── Data provided ──

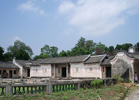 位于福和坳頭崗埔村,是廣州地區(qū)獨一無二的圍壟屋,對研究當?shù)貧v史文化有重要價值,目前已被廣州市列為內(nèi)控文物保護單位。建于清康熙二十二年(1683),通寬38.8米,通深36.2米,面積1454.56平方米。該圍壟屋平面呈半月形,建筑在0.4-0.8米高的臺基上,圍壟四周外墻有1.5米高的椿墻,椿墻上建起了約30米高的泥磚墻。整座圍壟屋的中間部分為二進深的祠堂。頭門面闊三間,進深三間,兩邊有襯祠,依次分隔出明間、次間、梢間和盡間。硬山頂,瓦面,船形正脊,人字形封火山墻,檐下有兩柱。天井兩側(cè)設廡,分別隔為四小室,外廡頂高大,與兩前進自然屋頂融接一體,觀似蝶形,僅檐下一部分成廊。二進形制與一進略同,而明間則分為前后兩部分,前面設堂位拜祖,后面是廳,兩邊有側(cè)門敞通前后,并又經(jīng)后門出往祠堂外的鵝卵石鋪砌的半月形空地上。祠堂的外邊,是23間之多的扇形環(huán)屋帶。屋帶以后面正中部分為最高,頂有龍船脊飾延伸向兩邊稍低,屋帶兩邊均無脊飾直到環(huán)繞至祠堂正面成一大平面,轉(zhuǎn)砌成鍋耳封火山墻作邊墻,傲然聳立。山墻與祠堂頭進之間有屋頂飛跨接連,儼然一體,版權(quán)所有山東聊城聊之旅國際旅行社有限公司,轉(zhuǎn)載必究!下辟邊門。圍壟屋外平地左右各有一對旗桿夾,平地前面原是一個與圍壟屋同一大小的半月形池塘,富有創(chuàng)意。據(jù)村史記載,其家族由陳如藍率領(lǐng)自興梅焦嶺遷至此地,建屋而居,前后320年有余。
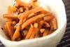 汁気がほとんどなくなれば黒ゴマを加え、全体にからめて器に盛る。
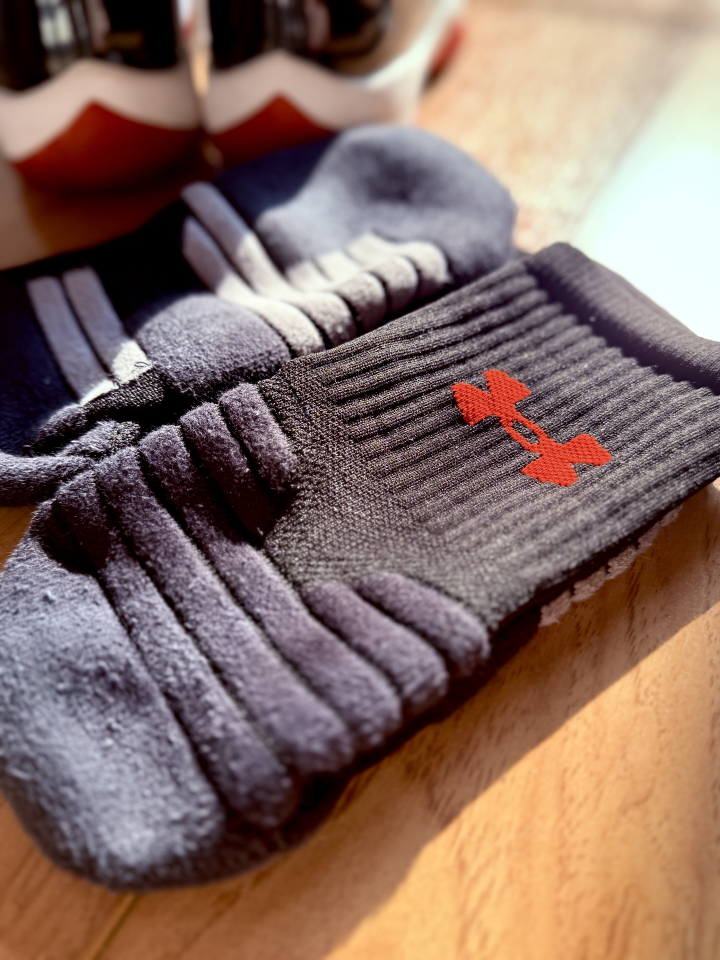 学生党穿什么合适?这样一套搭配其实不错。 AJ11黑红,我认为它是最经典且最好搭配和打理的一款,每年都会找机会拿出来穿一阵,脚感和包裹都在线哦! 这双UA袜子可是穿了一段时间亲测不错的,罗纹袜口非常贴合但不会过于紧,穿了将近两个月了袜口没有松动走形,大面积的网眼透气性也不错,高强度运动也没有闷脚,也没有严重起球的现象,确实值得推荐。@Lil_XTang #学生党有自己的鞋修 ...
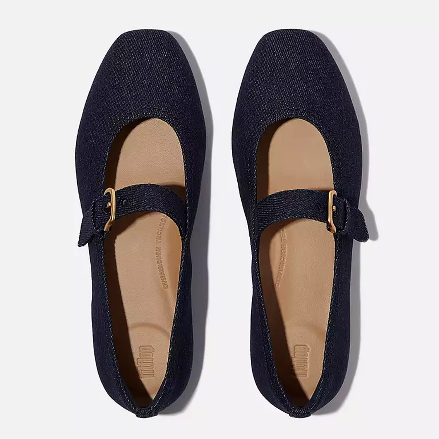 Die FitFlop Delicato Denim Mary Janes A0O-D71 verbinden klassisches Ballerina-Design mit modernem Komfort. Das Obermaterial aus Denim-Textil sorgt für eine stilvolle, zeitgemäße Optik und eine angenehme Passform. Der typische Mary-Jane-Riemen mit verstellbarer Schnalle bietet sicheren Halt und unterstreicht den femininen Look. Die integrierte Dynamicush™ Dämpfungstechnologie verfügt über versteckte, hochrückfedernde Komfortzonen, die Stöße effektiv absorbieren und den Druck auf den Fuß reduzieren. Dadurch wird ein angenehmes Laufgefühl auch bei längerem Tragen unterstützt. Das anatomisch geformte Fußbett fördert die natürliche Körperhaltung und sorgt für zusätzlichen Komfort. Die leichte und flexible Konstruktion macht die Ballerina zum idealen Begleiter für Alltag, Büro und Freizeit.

───

§ Task goal
Leave every image out when you return the material above word for word.

§ Answer
 位于福和坳頭崗埔村,是廣州地區(qū)獨一無二的圍壟屋,對研究當?shù)貧v史文化有重要價值,目前已被廣州市列為內(nèi)控文物保護單位。建于清康熙二十二年(1683),通寬38.8米,通深36.2米,面積1454.56平方米。該圍壟屋平面呈半月形,建筑在0.4-0.8米高的臺基上,圍壟四周外墻有1.5米高的椿墻,椿墻上建起了約30米高的泥磚墻。整座圍壟屋的中間部分為二進深的祠堂。頭門面闊三間,進深三間,兩邊有襯祠,依次分隔出明間、次間、梢間和盡間。硬山頂,瓦面,船形正脊,人字形封火山墻,檐下有兩柱。天井兩側(cè)設廡,分別隔為四小室,外廡頂高大,與兩前進自然屋頂融接一體,觀似蝶形,僅檐下一部分成廊。二進形制與一進略同,而明間則分為前后兩部分,前面設堂位拜祖,后面是廳,兩邊有側(cè)門敞通前后,并又經(jīng)后門出往祠堂外的鵝卵石鋪砌的半月形空地上。祠堂的外邊,是23間之多的扇形環(huán)屋帶。屋帶以后面正中部分為最高,頂有龍船脊飾延伸向兩邊稍低,屋帶兩邊均無脊飾直到環(huán)繞至祠堂正面成一大平面,轉(zhuǎn)砌成鍋耳封火山墻作邊墻,傲然聳立。山墻與祠堂頭進之間有屋頂飛跨接連,儼然一體,版權(quán)所有山東聊城聊之旅國際旅行社有限公司,轉(zhuǎn)載必究!下辟邊門。圍壟屋外平地左右各有一對旗桿夾,平地前面原是一個與圍壟屋同一大小的半月形池塘,富有創(chuàng)意。據(jù)村史記載,其家族由陳如藍率領(lǐng)自興梅焦嶺遷至此地,建屋而居,前后320年有余。
 汁気がほとんどなくなれば黒ゴマを加え、全体にからめて器に盛る。
 学生党穿什么合适?这样一套搭配其实不错。 AJ11黑红,我认为它是最经典且最好搭配和打理的一款,每年都会找机会拿出来穿一阵,脚感和包裹都在线哦! 这双UA袜子可是穿了一段时间亲测不错的,罗纹袜口非常贴合但不会过于紧,穿了将近两个月了袜口没有松动走形,大面积的网眼透气性也不错,高强度运动也没有闷脚,也没有严重起球的现象,确实值得推荐。@Lil_XTang #学生党有自己的鞋修 ...
 Die FitFlop Delicato Denim Mary Janes A0O-D71 verbinden klassisches Ballerina-Design mit modernem Komfort. Das Obermaterial aus Denim-Textil sorgt für eine stilvolle, zeitgemäße Optik und eine angenehme Passform. Der typische Mary-Jane-Riemen mit verstellbarer Schnalle bietet sicheren Halt und unterstreicht den femininen Look. Die integrierte Dynamicush™ Dämpfungstechnologie verfügt über versteckte, hochrückfedernde Komfortzonen, die Stöße effektiv absorbieren und den Druck auf den Fuß reduzieren. Dadurch wird ein angenehmes Laufgefühl auch bei längerem Tragen unterstützt. Das anatomisch geformte Fußbett fördert die natürliche Körperhaltung und sorgt für zusätzlichen Komfort. Die leichte und flexible Konstruktion macht die Ballerina zum idealen Begleiter für Alltag, Büro und Freizeit.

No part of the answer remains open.